Data segment>
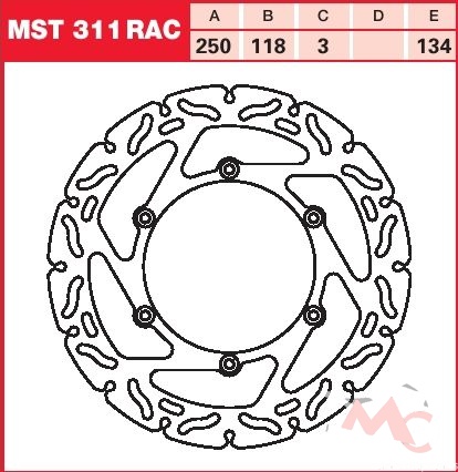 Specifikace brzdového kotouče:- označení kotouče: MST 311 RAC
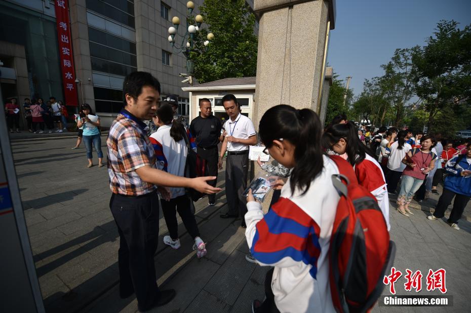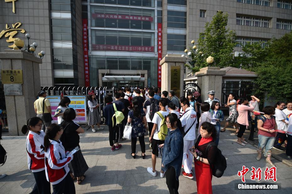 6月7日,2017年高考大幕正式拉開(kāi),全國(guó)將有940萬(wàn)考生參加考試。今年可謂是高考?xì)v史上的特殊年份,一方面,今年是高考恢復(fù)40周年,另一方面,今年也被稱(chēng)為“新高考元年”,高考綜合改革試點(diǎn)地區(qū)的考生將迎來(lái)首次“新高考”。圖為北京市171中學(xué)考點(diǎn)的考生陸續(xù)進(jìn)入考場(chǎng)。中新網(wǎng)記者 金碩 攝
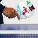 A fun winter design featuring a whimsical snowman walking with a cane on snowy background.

Activity> Transcribe the listing above in full. Pictures are not part of the copy.

Task answer>
 Specifikace brzdového kotouče:- označení kotouče: MST 311 RAC
 6月7日,2017年高考大幕正式拉開(kāi),全國(guó)將有940萬(wàn)考生參加考試。今年可謂是高考?xì)v史上的特殊年份,一方面,今年是高考恢復(fù)40周年,另一方面,今年也被稱(chēng)為“新高考元年”,高考綜合改革試點(diǎn)地區(qū)的考生將迎來(lái)首次“新高考”。圖為北京市171中學(xué)考點(diǎn)的考生陸續(xù)進(jìn)入考場(chǎng)。中新網(wǎng)記者 金碩 攝
 A fun winter design featuring a whimsical snowman walking with a cane on snowy background.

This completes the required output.